Spy satellites are used by the USDA to monitor farmer's activities and ensure they are complying with federal demands. Police helicopters are used in Arizona to make over flights of private property and check that owners are keeping their swimming pools clean. If he pools are not green the owners face immediate fines and even jail sentences.

Londoners are encouraged by the government to report on their neighbors via a huge poster and radio campaign organized by the Metropolitan Police. They are urged to watch for suspicious activity that could denote terrorist activity. Getting a refund on a credit card purchase, owning a vehicle and living in a house are three potential terrorist red flags according to the government.

Posters at bus terminals inform Londoners that they are 'secure beneath the watchful eyes' of Big Brother.

Government and media establishment organs demonize disposable phones and link them with terrorism because the phones can't be tracked 24/7 by government spy systems.

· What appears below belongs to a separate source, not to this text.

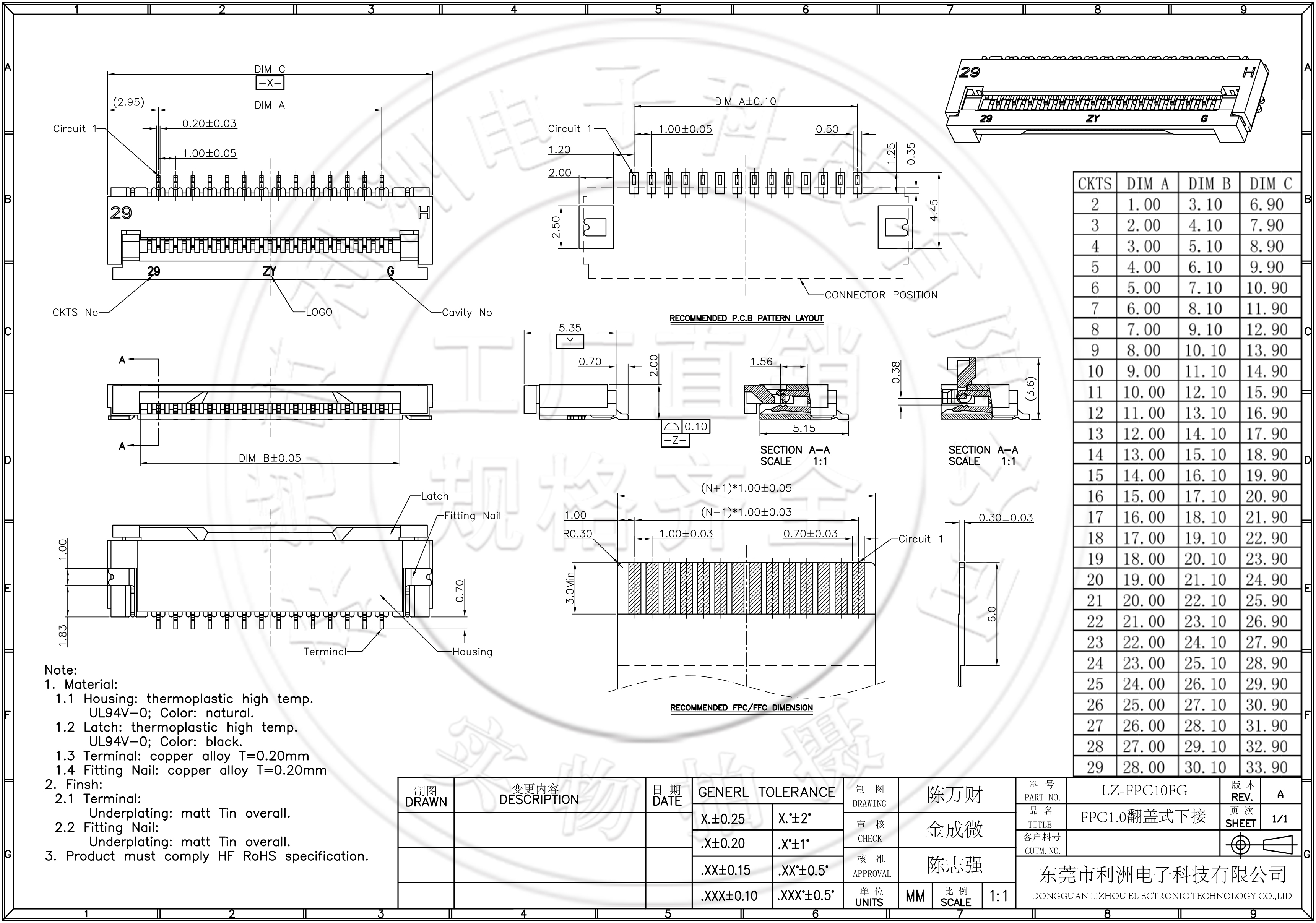 • FPC1.0mm间距翻盖式下接SMT

Our digital cable boxes and TIVO systems are recording what we watch to create psychological algorithms which are stored on government databases. These systems track what we watch, for exactly how long we watch it, and what our psychological score is based on those factors.

The US State Department directs a new program that enables the Mexican government to intercept phone conversations and online messages from every telecommunications network within Mexico.

DNA databases are instituted in Britain to record the DNA of anyone arrested. even if they are not charged their DNA record remains in the database. Laws are then passed with make every offence arrestable. Examples of those caught up in the database include a schoolgirl who threw a snowball at a police car.

Entrepreneurs, industry leaders and former government officials advocate taking the implantable ID chip as it becomes a necessity to access VIP areas in trendy bars and Mexican judicial workers are ordered to take it or lose their jobs.

Remote lie detectors have been developed for use initially in airports in which laser beams are bounced off a by passer's skin to try and denote signs of stress which could indicate the will to commit acts of terrorism. Brain scanners in Boston Logan airport also target suspicious individuals.

This is the prison without bars. This is the panopticon, a prison so constructed that the inspector can see each of the prisoners at all times, without being seen. This is a portrait of the accelerating movement by western governments to erect giant, powerful, all-pervading mass surveillance, tracking and control grids that will keep all populations firmly under the baleful and watchful gaze of Big Brother.

Orwell's 1984 was a picnic in comparison to the wielding cogs of the prison planet infrastructure that are being put in place all around us.

The choice is ours. As we hurtle towards the end of the first decade of the new millennium, are we content to accept the terms of our own imprisonment and live as slaves in a high tech rat maze, or, like the ones who went before us, will we cast off the shackles of servitude and serfdom, and reclaim our God given right to life, liberty and the pursuit of happiness?